:: Exercise inputs ::

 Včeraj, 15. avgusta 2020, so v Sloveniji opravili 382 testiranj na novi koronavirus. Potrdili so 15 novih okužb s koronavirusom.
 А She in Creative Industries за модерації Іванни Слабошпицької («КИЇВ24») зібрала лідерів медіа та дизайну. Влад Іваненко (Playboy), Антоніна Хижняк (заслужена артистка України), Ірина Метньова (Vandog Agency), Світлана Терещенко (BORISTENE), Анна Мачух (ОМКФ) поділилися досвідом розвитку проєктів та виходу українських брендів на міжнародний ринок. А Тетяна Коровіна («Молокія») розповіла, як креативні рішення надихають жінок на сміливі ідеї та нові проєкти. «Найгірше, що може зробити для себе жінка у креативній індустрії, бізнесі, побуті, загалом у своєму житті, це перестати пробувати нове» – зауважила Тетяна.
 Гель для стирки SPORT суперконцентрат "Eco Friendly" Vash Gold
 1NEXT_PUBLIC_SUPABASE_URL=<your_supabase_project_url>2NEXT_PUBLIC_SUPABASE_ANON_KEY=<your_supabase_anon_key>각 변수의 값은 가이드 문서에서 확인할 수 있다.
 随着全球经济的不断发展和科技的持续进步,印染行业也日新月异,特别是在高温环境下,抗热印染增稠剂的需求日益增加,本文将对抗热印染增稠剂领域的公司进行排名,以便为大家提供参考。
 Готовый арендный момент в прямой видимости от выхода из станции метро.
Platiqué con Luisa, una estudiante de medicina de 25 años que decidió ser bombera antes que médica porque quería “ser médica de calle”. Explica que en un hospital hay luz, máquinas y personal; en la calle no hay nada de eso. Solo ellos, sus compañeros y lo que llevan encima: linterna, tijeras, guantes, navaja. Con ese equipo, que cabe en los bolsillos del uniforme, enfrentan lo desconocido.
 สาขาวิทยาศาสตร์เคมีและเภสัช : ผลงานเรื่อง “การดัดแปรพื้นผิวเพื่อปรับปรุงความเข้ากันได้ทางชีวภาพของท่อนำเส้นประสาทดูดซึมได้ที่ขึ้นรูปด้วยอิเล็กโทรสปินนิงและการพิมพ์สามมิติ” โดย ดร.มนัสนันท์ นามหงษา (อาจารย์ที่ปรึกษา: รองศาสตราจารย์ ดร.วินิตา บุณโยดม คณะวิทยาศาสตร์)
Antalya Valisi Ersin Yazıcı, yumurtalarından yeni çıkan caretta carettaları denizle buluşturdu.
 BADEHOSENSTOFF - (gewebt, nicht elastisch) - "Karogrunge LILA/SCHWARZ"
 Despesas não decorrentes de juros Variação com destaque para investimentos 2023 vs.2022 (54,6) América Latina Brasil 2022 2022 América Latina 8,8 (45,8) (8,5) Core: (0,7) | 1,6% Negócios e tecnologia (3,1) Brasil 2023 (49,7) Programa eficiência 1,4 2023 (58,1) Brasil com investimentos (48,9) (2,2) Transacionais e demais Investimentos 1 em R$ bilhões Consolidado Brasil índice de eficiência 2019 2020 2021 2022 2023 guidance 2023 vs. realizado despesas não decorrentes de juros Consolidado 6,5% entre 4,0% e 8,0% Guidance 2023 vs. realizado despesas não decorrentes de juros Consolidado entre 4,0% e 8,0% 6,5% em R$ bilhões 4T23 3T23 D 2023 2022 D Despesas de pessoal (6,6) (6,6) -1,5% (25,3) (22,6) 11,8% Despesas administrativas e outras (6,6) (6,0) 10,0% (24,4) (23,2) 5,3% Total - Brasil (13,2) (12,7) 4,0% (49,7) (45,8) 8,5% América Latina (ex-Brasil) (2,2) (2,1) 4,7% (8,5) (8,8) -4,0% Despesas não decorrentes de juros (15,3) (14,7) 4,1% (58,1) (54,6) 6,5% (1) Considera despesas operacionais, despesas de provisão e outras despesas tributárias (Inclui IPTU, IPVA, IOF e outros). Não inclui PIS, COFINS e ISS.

:::

### The task:
Of all the entries above, repeat only the lines from the line that has "สาขาวิทยาศาสตร์เคมีและเภสัช : ผลงานเรื่อง" to the line that has "BADEHOSENSTOFF - (gewebt, nicht", both lines included, exactly.

### Solution to the problem:
 สาขาวิทยาศาสตร์เคมีและเภสัช : ผลงานเรื่อง “การดัดแปรพื้นผิวเพื่อปรับปรุงความเข้ากันได้ทางชีวภาพของท่อนำเส้นประสาทดูดซึมได้ที่ขึ้นรูปด้วยอิเล็กโทรสปินนิงและการพิมพ์สามมิติ” โดย ดร.มนัสนันท์ นามหงษา (อาจารย์ที่ปรึกษา: รองศาสตราจารย์ ดร.วินิตา บุณโยดม คณะวิทยาศาสตร์)
Antalya Valisi Ersin Yazıcı, yumurtalarından yeni çıkan caretta carettaları denizle buluşturdu.
 BADEHOSENSTOFF - (gewebt, nicht elastisch) - "Karogrunge LILA/SCHWARZ"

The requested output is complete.